Journal of a Photodieter

May 11, 2008 by jacqib

Re-inventing myself

November 16, 2007 by jacqib

I’ve started doing the flickr 365 Days where you take a self portrait every day for a year (those of you with calendars will realise that I will being doing 366).

You can see my set here - I will post more later.

I’ve been a bit quiet

November 16, 2007 by jacqib

If you’ve been here before you’ll notice I’ve been quiet of late.  It’s too easy to get out of the habit and even when I have things I want to write about I end up leaving it till later and forgetting.  I’m not going to beat myself up about it. One of the girls in my flickr Photo-diet Project group said that she has a blog but that

“I consider that since it’s _my_ blog, I get to decide how often the updates should be. Whether daily, monthly, or just when I fee like it. It fluctuates wildly.”

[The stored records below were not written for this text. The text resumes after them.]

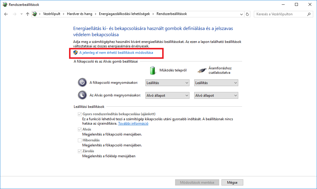 3, Mivel az általunk módosításra váró "Gyors rendszerindítás bekapcsolása (ajánlott)" menüpont szürke, ezért előtte rákattintunk "A jelenleg el nem érhető beállítások módosítása" lehetőségre. Rendszergazdai jogosultsággal kell rendelkeznünk mindehhez.![]()
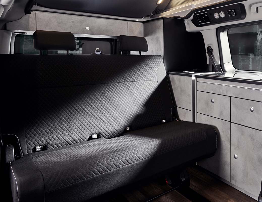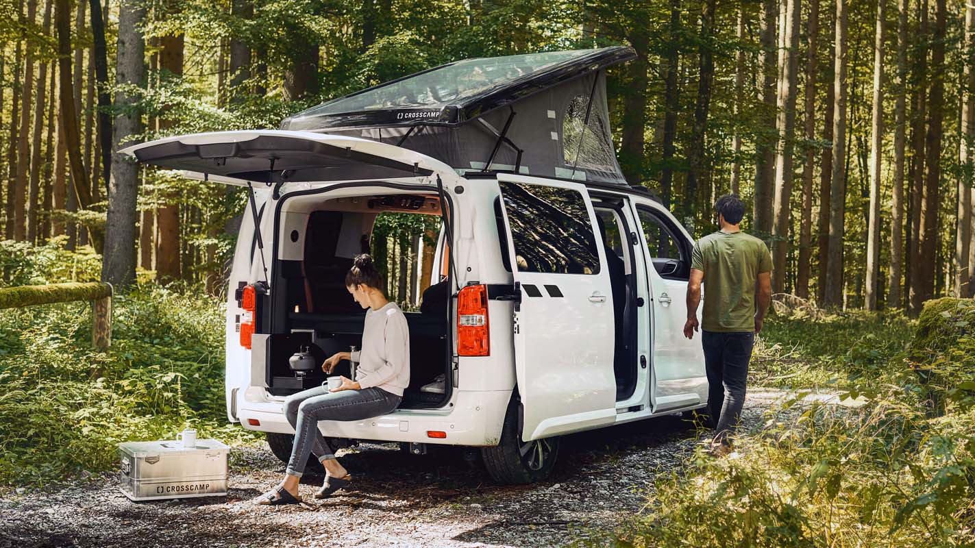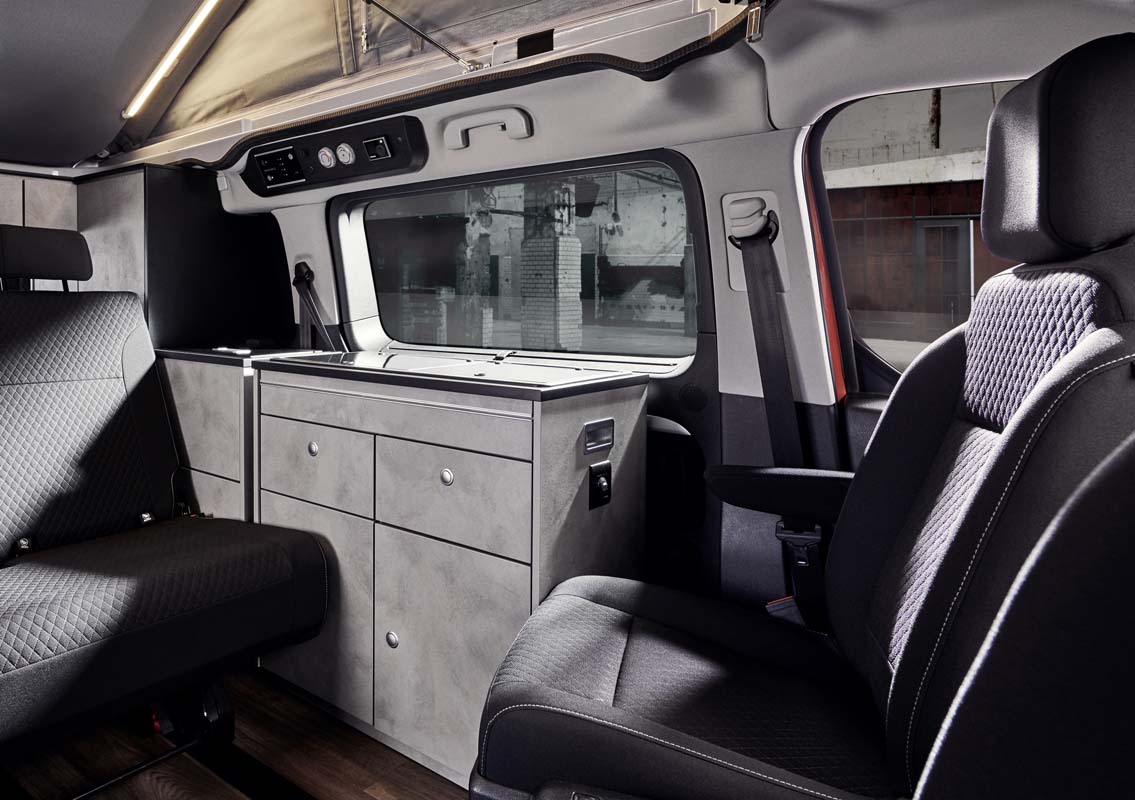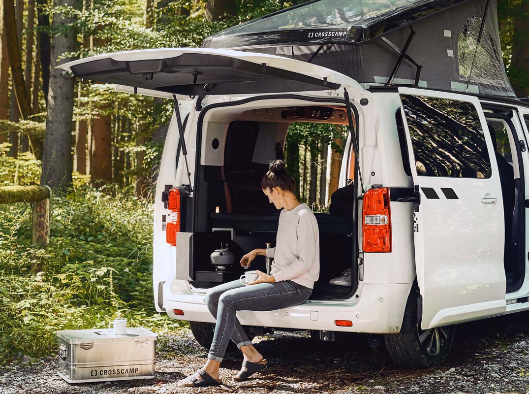 Like every Crosscamp, the all-electric Crosscamp Flex has everything needed for a relaxing trip. The practical equipment includes front seats that rotate by 180 degrees, a kitchenette, a wash basin, a gas cooker and fitted cupboards, as well as containers for drinking and waste water. Thanks to the rear bench seat that quickly turns into a double bed and two more beds under the rising roof, the Crosscamp Flex can accommodate four guests.
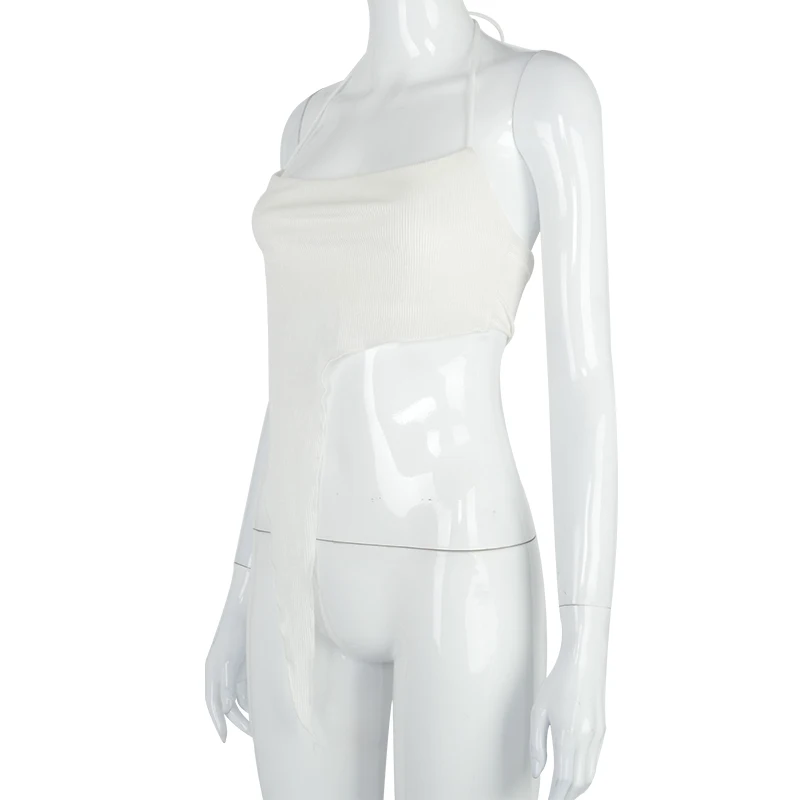 Женский топ на бретельках, белый топ с открытой спиной, асимметричн...
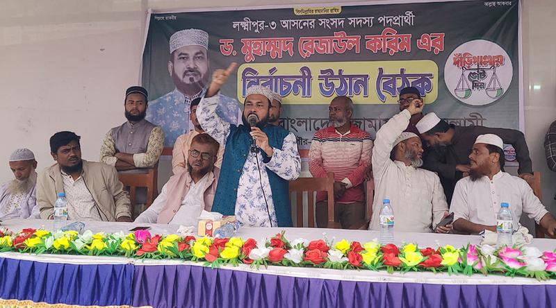 জামায়াতে ইসলামীর ঢাকা মহানগরী উত্তরের সেক্রেটারি ও লক্ষ্মীপুর-৩ (সদর) আসনে দাঁড়িপাল্লার প্রার্থী ড. মোহাম্মদ রেজাউল করিম বলেছেন, আমাদের দেশের এক শ্রেণির রাজনীতিবিদরা টিআর কাবিখার টাকা খায়। এসব ভিক্ষুকের টাকা, এমপি-মন্ত্রী টয়লেটের টাকাও খায়। এদের পদ যতই উন্নত হোক এরা হচ্ছে জাতির সবচেয়ে বড় ভিক্ষুক। এরা সবচেয়ে বড় কুলাঙ্গার, এরা সবচেয়ে বড় অসভ্য। যারা মানুষ হত্যা করে না শুধু, মানুষ হত্যা করে লাশকে পেট্রল দিয়ে পুড়িয়ে ফেলে। আমরা সেটা দেখেছিলাম। আমরা খুনখারাবির বাংলাদেশ দেখতে চাই না। চোখ রাঙানির বাংলাদেশ দেখতে চাই না।
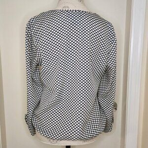 Mediterranean Blue off White Polkadot Print deep Vneck 3/4 sleeve Blouse top, by Cynthia Rowley.
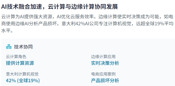 瞻望将来,另一方面,为我们理解AI手艺成长的标的目的和速度供给了主要线 地缘取从权合作跟着AI系统正在日常决策和环节根本设备中的使用日益普遍,是增加最快的范畴之一。欧洲和巴西的晚期投资占从导,米克尔演讲指出,成为两国全体计谋合作的焦点构成部门。演讲中援用的全球AI公司数量达70,这促使从头思虑国际合做的需要性和形式。企业带领者低估了员工现实利用AI的程度——C-suite高管估量只要4%的员工利用生成式AI进行至多30%的日常工做,从消费者使用到企业处理方案,生成式AI正在美国AI公司中占比27%,这需要正在手艺成长和监管框架之间找到恰当的均衡点,将来瞻望方面,跟着AI系统变得愈加复杂和自从,意大利则专注于计较机视觉,这些显著影响了中国AI企业的成长,
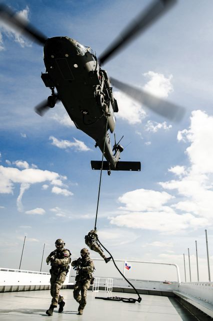 Na zastavenie pohybujúcej sa lode, na ktorej palube sa nachádzal objekt určený k eliminácii, bola podľa neho využitá sila vojenského vrtuľníka a varovné výstrely. „Infiltráciu operátori zo SŠO, konkrétne zo žilinského 5. pluku špeciálneho určenia, realizovali člnmi po vodnej hladine i vzdušnou cestou spustením sa po hrubom lane z vrtuľníka UH-60M Black Hawk slovenských vzdušných síl. Rýchle obsadenie lode, prevzatie kontroly nad prostredím a chirurgicky presný úder malo za následok úspešné odzbrojenie a zneškodnenie nepriateľa.” dodal.
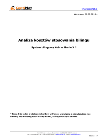 www.centinet.pl Warszawa, 12.10.2016 r. Analiza kosztów stosowania bilingu System bilingowy Kobi w firmie X * * firma X to jeden z większych banków w Polsce, w związku z obowiązującą nas umową, nie możemy podać nazwy banku, której dotyczy ta analiza. CentiNet sp. z o. o., ul. Ceramiczna 18/213, 03-126 Warszawa tel.: 22 408 87 67; tel.: 515 233 930; http://www.centinet.pl; e-mail: [email protected] Strona: 1 z 7 www.centinet.pl Spis treści Wprowadzenie ............................................................................................................. 3 Wymagania funkcjonalne .............................................................................................. 3 Architektura systemu .................................................................................................... 3 Model systemu.................................................................................................................... 4 Realizacja projektu ....................................................................................................... 4 Korzyści z inwestycji ..................................................................................................... 5 Korzyści niewymierne .......................................................................................................... 5 Korzyści finansowe .............................................................................................................. 5 Analiza kosztów............................................................................................................ 6 Koszty inwestycji ................................................................................................................. 6 Oszczędności ...................................................................................................................... 6 Bilans kosztów .................................................................................................................... 6 Porównanie kosztów ............................................................................................................ 7 Ryzyko inwestycji ......................................................................................................... 7 Podsumowanie ............................................................................................................. 7 CentiNet sp. z o. o., ul. Ceramiczna 18/213, 03-126 Warszawa tel.: 22 408 87 67; tel.: 515 233 930; http://www.centinet.pl; e-mail: [email protected] Strona: 2 z 7 www.centinet.pl Wprowadzenie Dokument przedstawia wdrożenie systemu bilingowego u jednego z naszych Klientów oraz korzyści zastosowania bilingu i analizę kosztów inwestycji w tym konkretnym przypadku. Dynamiczny rozwój naszego Klienta wymógł zwiększenie funkcjonalności infrastruktury teleinformatycznej. Wybrane przez bank rozwiązanie oparte o Cisco CallManager’a i centrale AVAYA zapewniają wysoki stopień skalowalności wraz z otwieraniem kolejnych oddziałów. Na początku rozwoju sieci zostało wdrożone oprogramowanie taryfikacyjne Telbaza SQL, jednak poważne ograniczenia tego oprogramowania nie pozwoliły zrealizować wymagań stawianych przed nowoczesnym systemem bilingowym. W związku z powyższym, konieczne stało się zaprojektowanie i wdrożenie rozwiązania bardziej perspektywicznego oraz lepiej spełniającego wymagania funkcjonalne. Wymagania funkcjonalne Rejestrowanie połączeń przychodzących i wychodzących z Cisco CallManager v. 7.1 oraz Avaya CM. Taryfikacja połączeń zgodnie z aktualnymi cennikami operatorów, z uwzględnieniem rabatów. Wykrywanie ruchu na liniach, które powinny być wyłączone, zgodnie z ustawieniami Active Directory. Porównywanie bilingów operatorów z połączeniami zarejestrowanymi przez system abonencki. Raportowanie przez przeglądarkę internetową. Integracja z Active Directory, polegająca na aktualizacji struktury linii wewnętrznych na podstawie struktury bazy LDAP. Automatyczne połączenie z bazą danych Cisco CallManager v. 7.1 oraz pobieranie opisów linii z bazy. Automatyczne generowanie i wysyłanie raportów przez e-mail. Pełna integracja z platformą VMWare. Architektura systemu System został zbudowany w oparciu o własne autorskie oprogramowanie, w skład którego wchodzi: MultiStreamer – aplikacja służąca do pobierania danych CDR z central oraz importu opisów linii z bazy CCM. Kobi – oprogramowanie bilingowe, odpowiedzialne za przetwarzanie zebranych rekordów CDR, taryfikację połączeń, integrację z Active Directory oraz raportowanie. CentiNet sp. z o. o., ul. Ceramiczna 18/213, 03-126 Warszawa tel.: 22 408 87 67; tel.: 515 233 930; http://www.centinet.pl; e-mail: [email protected] Strona: 3 z 7 www.centinet.pl WebReporter – aplikacja umożliwiająca generowanie raportów z wykorzystaniem przeglądarki internetowej. Model systemu Realizacja projektu Realizacja projektu rozpoczęła się w połowie maja 2009. W pierwszym etapie zostało zainstalowane środowisko uruchomieniowe, serwer baz danych oraz serwer www. Kolejne kroki obejmowały instalację i konfigurację poszczególnych części systemu. Wszystkie prace instalacyjno-konfiguracyjne zostały zakończone z końcem lipca 2009, rozesłane zostały wówczas raporty do odbiorców w celu zebrania uwag i opinii. Miesiąc sierpień poświęcony został na testy całego systemu, modyfikacje ustawień oraz porównanie bilingów operatora. W ramach podpisanej umowy zobowiązaliśmy się do opieki serwisowej nad wdrożonym systemem. Serwis realizowany jest wg zasady 24/7/365 – przez całą dobę we wszystkie dni tygodnia i roku. CentiNet sp. z o. o., ul. Ceramiczna 18/213, 03-126 Warszawa tel.: 22 408 87 67; tel.: 515 233 930; http://www.centinet.pl; e-mail: [email protected] Strona: 4 z 7 www.centinet.pl Korzyści z inwestycji Korzyści niewymierne Rozdzielanie kosztów usług telekomunikacyjnych na poszczególne centra kosztowe i pracownik
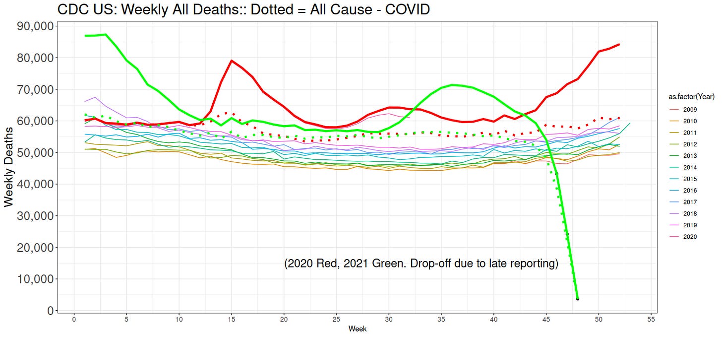 Keep the predilection for over-attributing Covid deaths in mind. Then look to weeks 30-40 or so. Anything past that is subject to late counting (takes about 8 weeks to get bulk of data in; last three weeks have black dots). Both the red and green dotted lines are higher than we'd expect absent Covid. What is causing these extra (beyond what we'd expect) deaths? It almost certainly isn't Covid, given undercounts are not at all likely. Has to be something else, then.
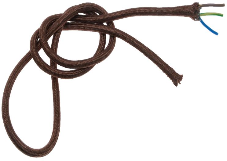 Sileä kangaspäällysteinen sähköjohto, tummanruskea.
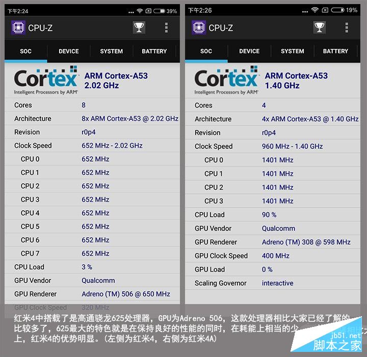 红米4中搭载了是高通骁龙625处理器,GPU为Adreno 506,这款处理器相比大家已经了解的比较多了,625最大的特色就是在保持良好的性能的同时,在耗能上相当的少,所以在续航上,红米4的优势明显。
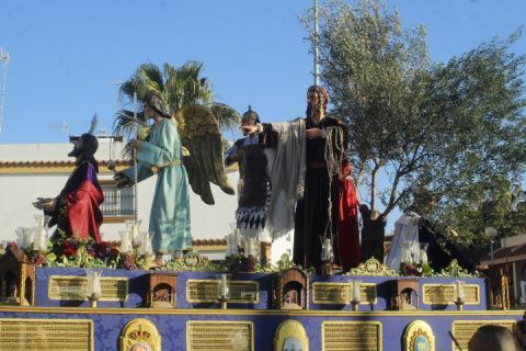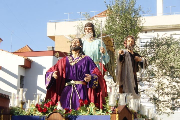Muchos fueron los roteños que salieron a la calle a acompañar a los dos pasos, custodiados por policías nacionales de la Asociación Santo Ángel de Rota, y muchos también los que se sumaron al cortejo en el que se pudo ver una amplia representación de niños y gente joven que respaldan así la labor que hace "Huerto de los Olivos" poniendo a sus titulares en la calle, cada vez más numerosos. Desde luego, y pese a las opiniones diversas que existen en torno al funcionamiento de esta entidad, el paso de Jesús de la Redención llama la atención porque no procesiona ninguno igual en la localidad, con tantas tallas formando el conjunto escultórico. Una escena que representa a Jesús de Nazaret en el momento inicial de su pasión cuando Judas Iscariote lo entrega.

Well done her, it’s a philosphy I shall adopt myself.

The phone call you never want to get …

October 28, 2007 by jacqib

Well I see that my last post was at the beginning of September and I said it was going to be a busy month. Well it didn’t quite work out as predicted.

On the morning of Friday 6th September I was on my way to the bus stop to go to work when I got a call on my mobile. The caller was a Senior Staff Nurse at the A&E department of my local hospital. He told me that my partner had had a motorcycle accident on his way to work and that he was ’stable at the moment’ but that I should get there as quickly as I could.

Fortunately, although they did not know at the time of the call, he had no life-threatening injuries. He had broken his right wrist, his left collarbone, left shoulder blade and five left ribs. He was very badly bruised - bits of him are still green more than seven weeks later.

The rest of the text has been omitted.